▶ _What to work on_: When the listing below reaches the line that has "Perforated stainless steel rings", start reproducing exactly; stop after the line that has "et de recherche)", and drop the pictures.

▶ _Task input_:
━━━━━━

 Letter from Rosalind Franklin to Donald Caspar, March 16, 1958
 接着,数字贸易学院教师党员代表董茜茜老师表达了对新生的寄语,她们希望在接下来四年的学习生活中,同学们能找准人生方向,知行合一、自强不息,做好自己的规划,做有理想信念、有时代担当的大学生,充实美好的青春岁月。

━━━━━━

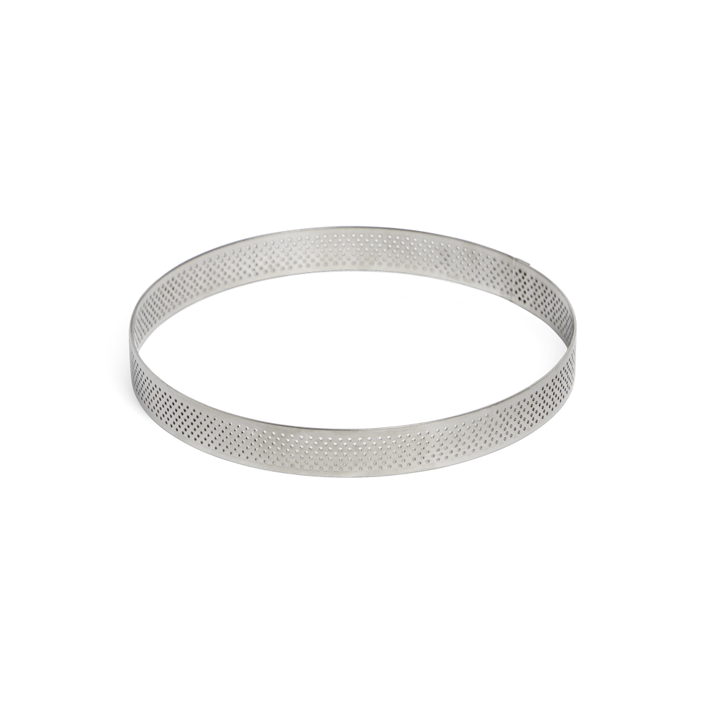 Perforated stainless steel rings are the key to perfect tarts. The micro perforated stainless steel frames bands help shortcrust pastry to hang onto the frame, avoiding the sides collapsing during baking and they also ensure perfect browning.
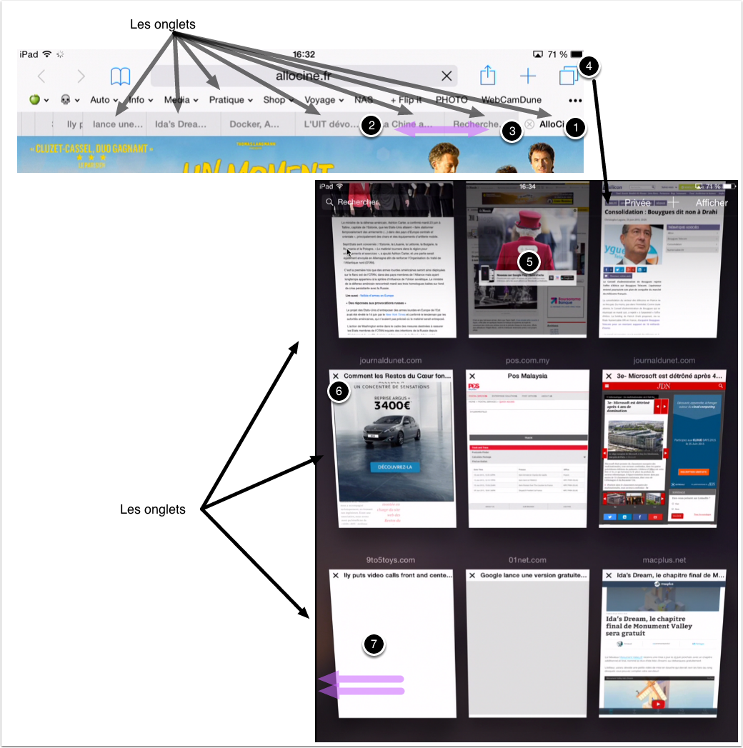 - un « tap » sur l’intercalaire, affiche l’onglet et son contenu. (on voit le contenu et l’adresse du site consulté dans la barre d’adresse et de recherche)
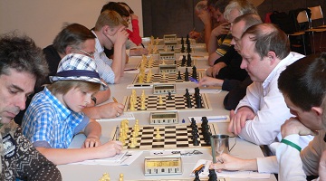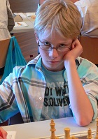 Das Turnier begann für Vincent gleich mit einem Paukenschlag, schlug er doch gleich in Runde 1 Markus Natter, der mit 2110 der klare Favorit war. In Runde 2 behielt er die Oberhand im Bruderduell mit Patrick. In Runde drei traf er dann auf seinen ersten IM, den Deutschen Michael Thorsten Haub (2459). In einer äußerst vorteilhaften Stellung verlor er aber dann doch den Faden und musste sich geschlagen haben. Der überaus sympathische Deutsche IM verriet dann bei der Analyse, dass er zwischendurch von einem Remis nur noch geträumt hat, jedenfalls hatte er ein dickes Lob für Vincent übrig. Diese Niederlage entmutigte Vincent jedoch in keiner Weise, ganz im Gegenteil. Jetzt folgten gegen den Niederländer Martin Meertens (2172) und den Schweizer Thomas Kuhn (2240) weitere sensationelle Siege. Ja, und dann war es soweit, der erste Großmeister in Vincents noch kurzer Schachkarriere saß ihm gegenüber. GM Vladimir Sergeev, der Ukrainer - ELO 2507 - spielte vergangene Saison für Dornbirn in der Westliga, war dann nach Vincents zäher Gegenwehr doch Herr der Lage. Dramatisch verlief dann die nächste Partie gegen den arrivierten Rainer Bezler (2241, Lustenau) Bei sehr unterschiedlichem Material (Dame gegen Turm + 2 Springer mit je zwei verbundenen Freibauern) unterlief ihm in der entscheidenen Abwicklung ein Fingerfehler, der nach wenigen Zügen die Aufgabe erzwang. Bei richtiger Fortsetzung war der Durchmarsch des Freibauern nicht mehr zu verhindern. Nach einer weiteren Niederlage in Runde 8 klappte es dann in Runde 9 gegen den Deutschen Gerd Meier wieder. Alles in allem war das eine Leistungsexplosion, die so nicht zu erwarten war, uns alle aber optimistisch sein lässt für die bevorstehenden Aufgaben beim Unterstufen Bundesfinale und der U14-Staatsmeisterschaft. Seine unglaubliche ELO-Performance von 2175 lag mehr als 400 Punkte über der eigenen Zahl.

━━━━━━

▶ _Task answer_:
 Perforated stainless steel rings are the key to perfect tarts. The micro perforated stainless steel frames bands help shortcrust pastry to hang onto the frame, avoiding the sides collapsing during baking and they also ensure perfect browning.
 - un « tap » sur l’intercalaire, affiche l’onglet et son contenu. (on voit le contenu et l’adresse du site consulté dans la barre d’adresse et de recherche)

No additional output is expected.